Data excerpts
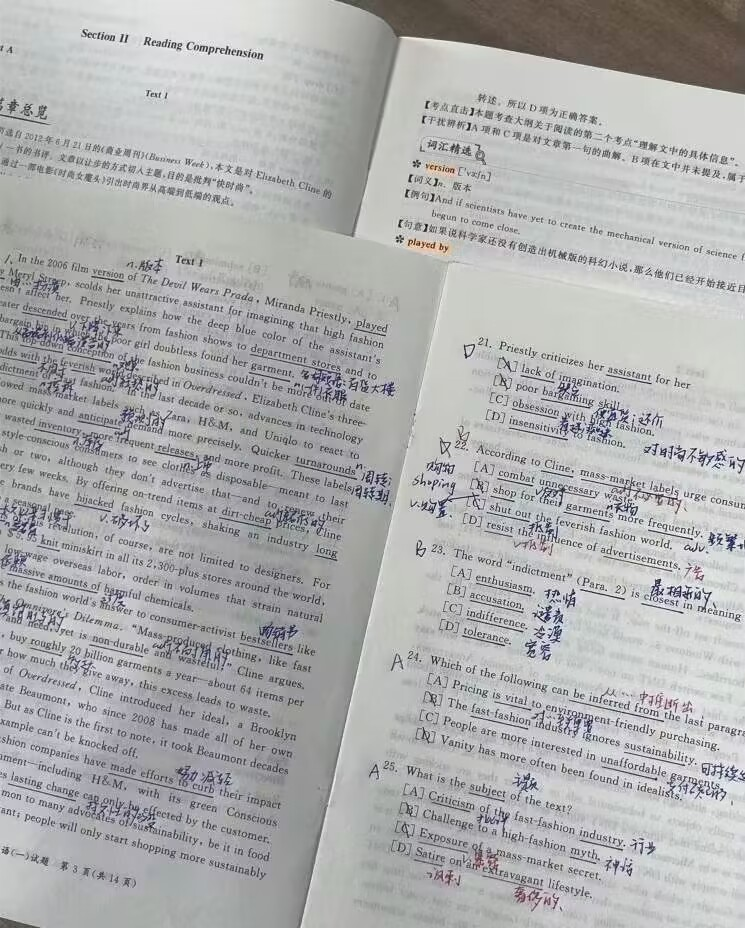4.7月后:按照个人进度开始使用真题精读真题搭配唐迟的讲解、唐静的翻译课、易奚人的完型、刘琦的新题型、b站up我是瑞思拜的作文模板。
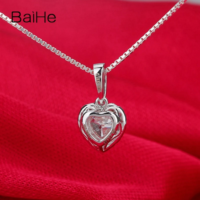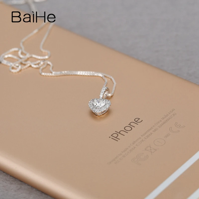 BAIHE Solid 18K White Gold 0.19ct Certified Heart Single Cut 100% Genuine Natural Diamond Wedding Trendy Fine Jewelry Necklaces
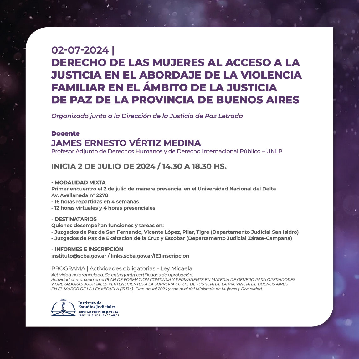 Actividad enmarcada en el PLAN DE FORMACIÓN CONTINUA Y PERMANENTE EN MATERIA DE GÉNERO PARA OPERADORES Y OPERADORAS JUDICIALES PERTENECIENTES A LA SUPREMA CORTE DE JUSTICIA DE LA PROVINCIA DE BUENOS AIRES EN EL MARCO DE LA LEY MICAELA (15.134) -Plan anual 2024 y con aval del Ministerio de Mujeres y Diversidad
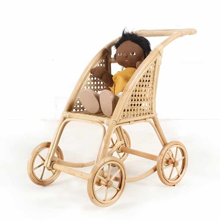 รถเข็นเด็กทำจากหวายทำมือรถเข็นสำหรับตุ๊กตามาใหม่
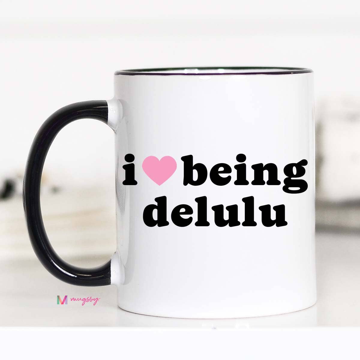 Double sided print. Top rack dishwasher safe. Microwave safe. Off white with a black rim and handle. Made of ceramic.
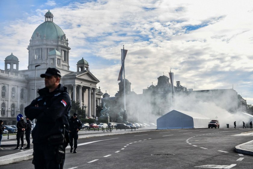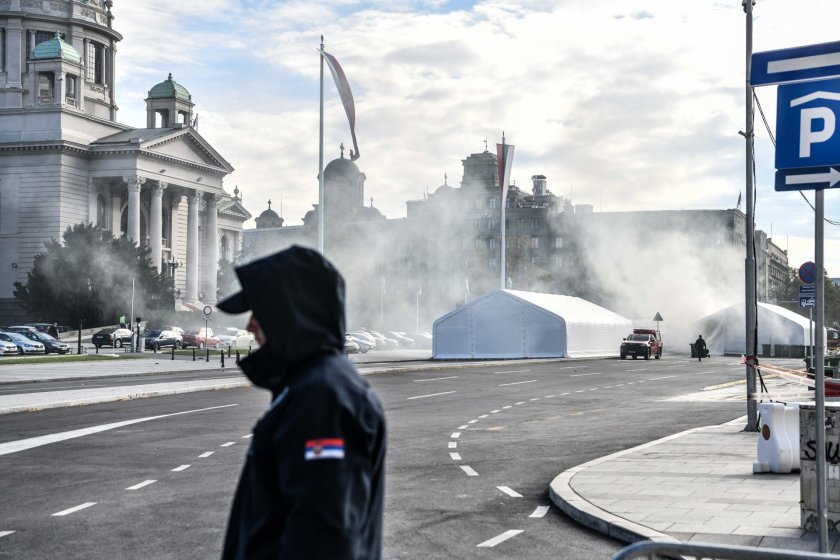 По информация на ТАНЮГ след инцидента е възникнал пожар в една от палатките на площада пред сръбския парламент, като на място са пристигнали четири пожарни коли.

_Task prompt_
Print exactly, and print only, the lines from the line with "Double sided print." through the last line of the entries, both ends included. No pictures belong in the result.

_Answer for this exercise_
 Double sided print. Top rack dishwasher safe. Microwave safe. Off white with a black rim and handle. Made of ceramic.
 По информация на ТАНЮГ след инцидента е възникнал пожар в една от палатките на площада пред сръбския парламент, като на място са пристигнали четири пожарни коли.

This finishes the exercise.